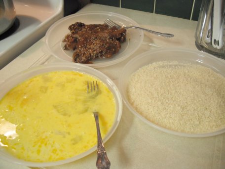 I have 2 eggs beaten with a splash of milk in one tray. Panko bread crumbs in another tray and some Flour in another. And of course, the meat.
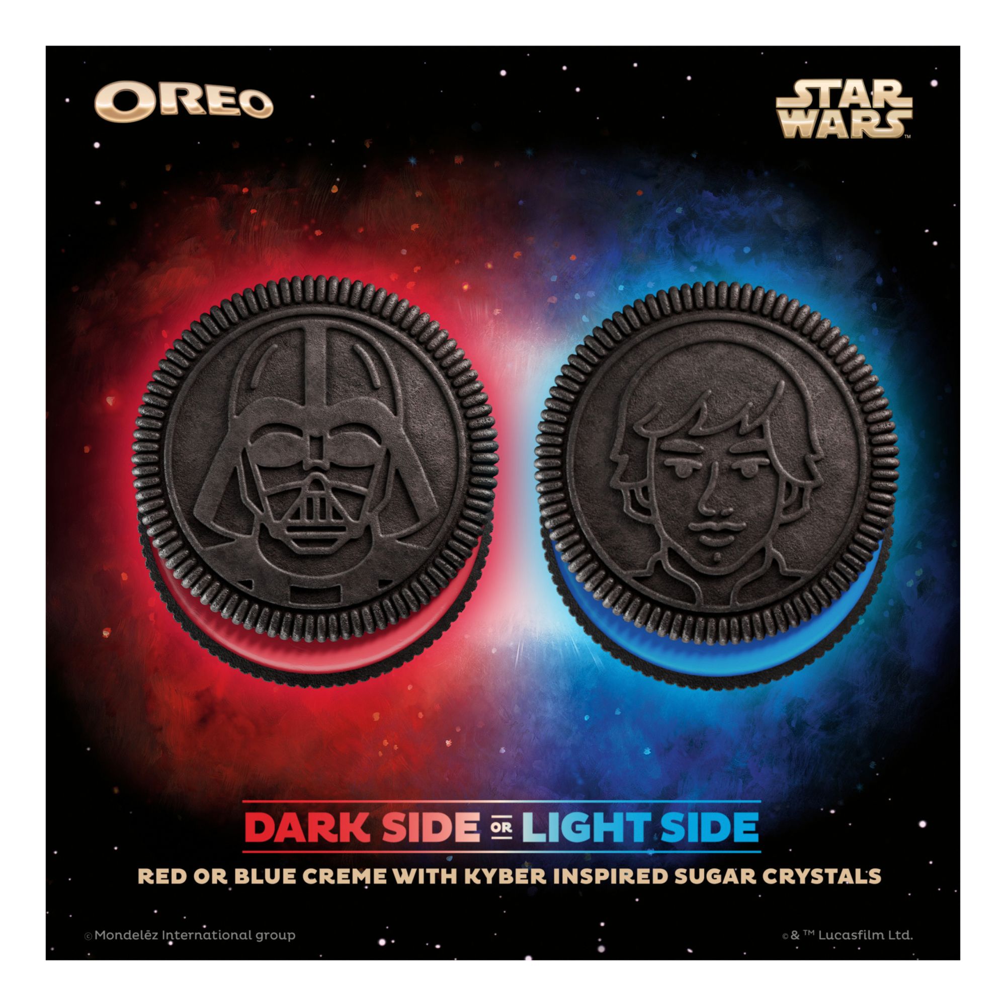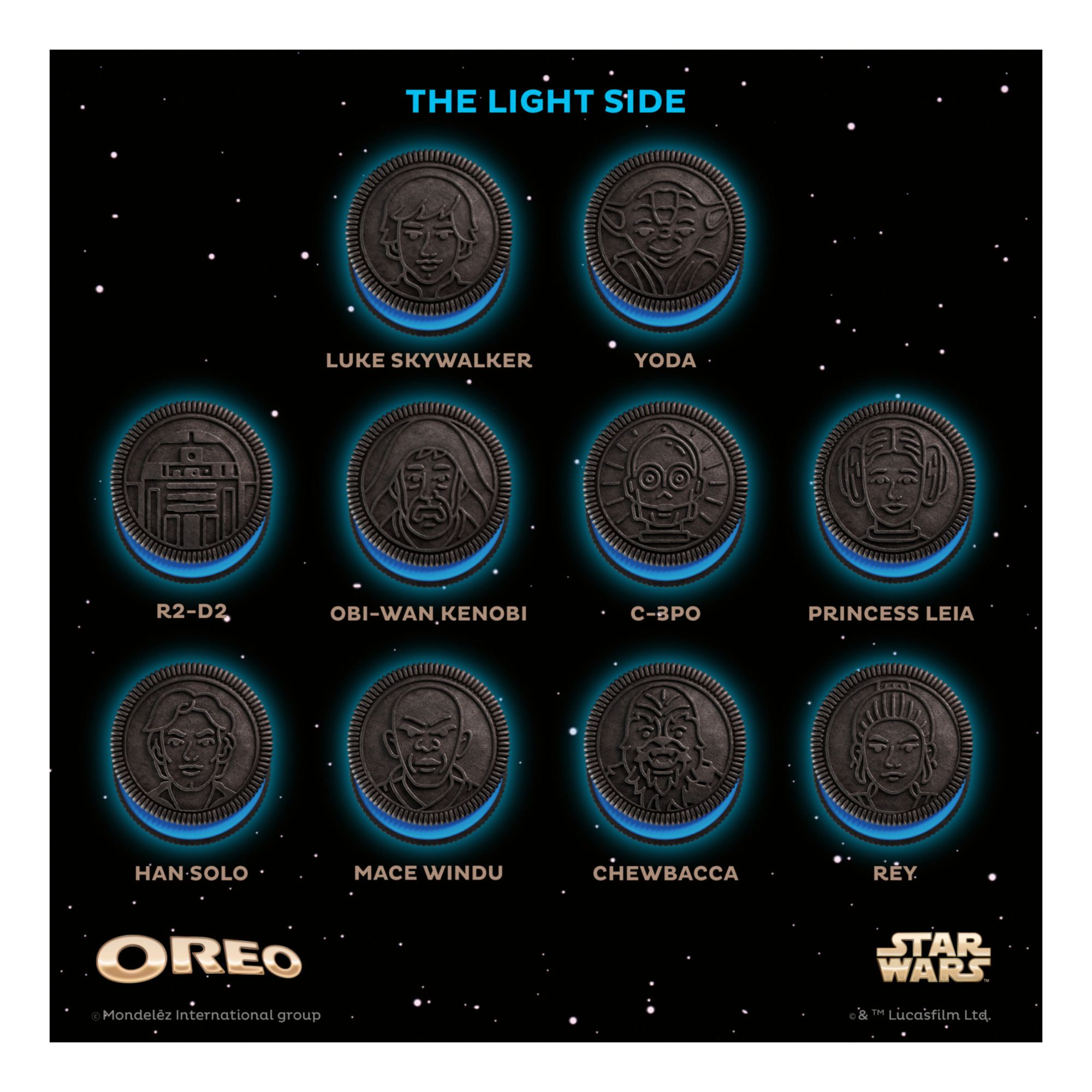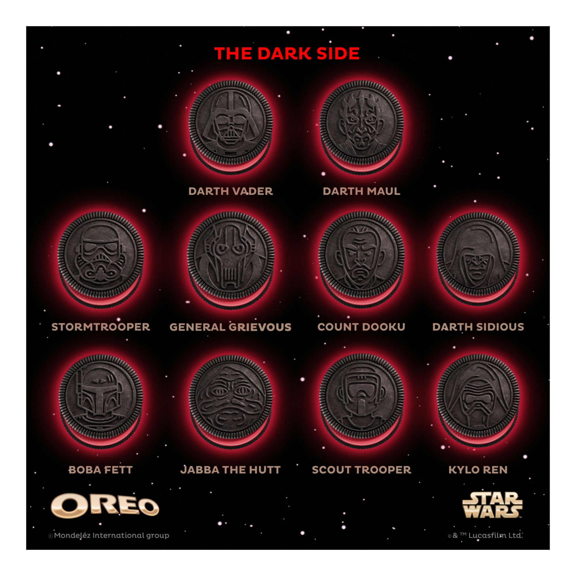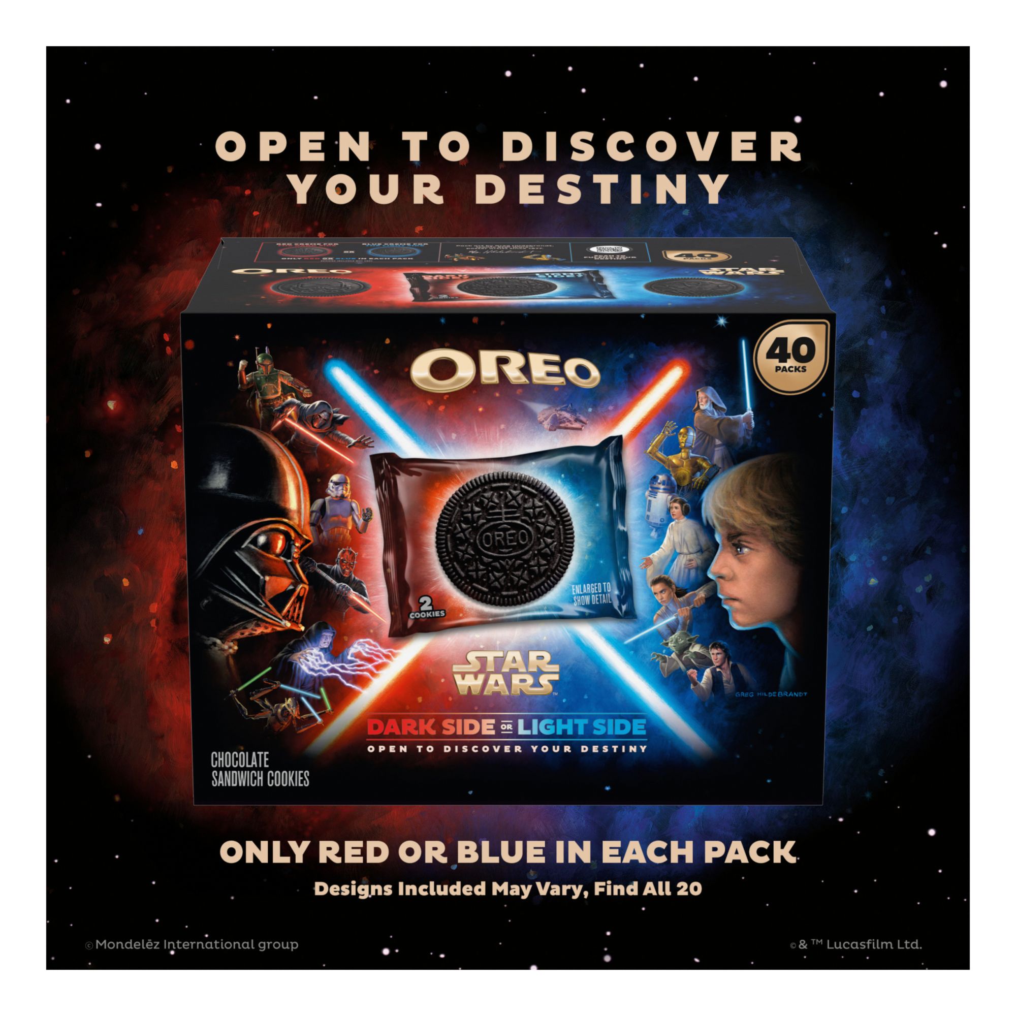 Oreo chocolate cookies embossed with a randomized assortment of 10 dark side or 10 light side Star Wars characters; search for all 20 designs (designs included may vary)
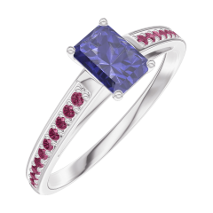 Inel Aur alb 18 carate - Safir albastru Smarald 0.3 carate - Încrustare Rubin
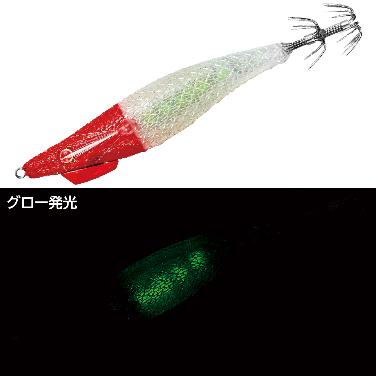 95mmにサイズアップした新エギ型ボディを採用したFタイプエギドロッパーは、エギ型形状ならではの潮受けのよい形状で安定した水中姿勢をキープしつつ、「シルエットによるアピール力」をアップさせています。サイズに対してスリムな形状を採用することで、イカが捕食時に違和感を感じにくく、喰わせとアピールという相反する要素を高次元で両立。さらに、シルエットによるアピール度が高いため、優先的にイカのサイズを上げたい状況にも最適です。
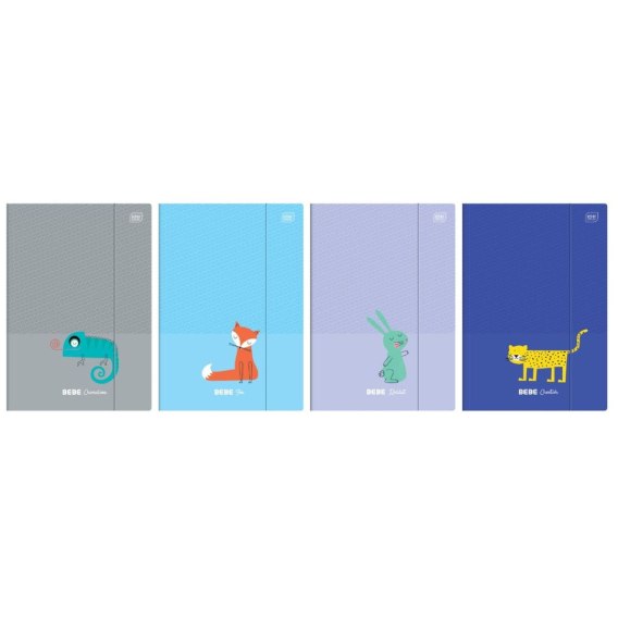 Supersztywne teczki z gumką w formacie A4+, wykonane z wysokiej jakości surowca, zabezpieczone hybrydowym i błyszczącym lakierem. Kolorowy zadruk po wewnętrznej stronie. Zamknięcie za pomocą solidnej gumki. W kolekcji 8 wzorów z wizerunkami zwierzaków z kolekcji B&B.
________________
#### [Aim of the task]
Each line of the data is to be duplicated exactly; pictures stay out of the copy.

#### [Reply to the exercise]
 I have 2 eggs beaten with a splash of milk in one tray. Panko bread crumbs in another tray and some Flour in another. And of course, the meat.
 Oreo chocolate cookies embossed with a randomized assortment of 10 dark side or 10 light side Star Wars characters; search for all 20 designs (designs included may vary)
 Inel Aur alb 18 carate - Safir albastru Smarald 0.3 carate - Încrustare Rubin
 95mmにサイズアップした新エギ型ボディを採用したFタイプエギドロッパーは、エギ型形状ならではの潮受けのよい形状で安定した水中姿勢をキープしつつ、「シルエットによるアピール力」をアップさせています。サイズに対してスリムな形状を採用することで、イカが捕食時に違和感を感じにくく、喰わせとアピールという相反する要素を高次元で両立。さらに、シルエットによるアピール度が高いため、優先的にイカのサイズを上げたい状況にも最適です。
 Supersztywne teczki z gumką w formacie A4+, wykonane z wysokiej jakości surowca, zabezpieczone hybrydowym i błyszczącym lakierem. Kolorowy zadruk po wewnętrznej stronie. Zamknięcie za pomocą solidnej gumki. W kolekcji 8 wzorów z wizerunkami zwierzaków z kolekcji B&B.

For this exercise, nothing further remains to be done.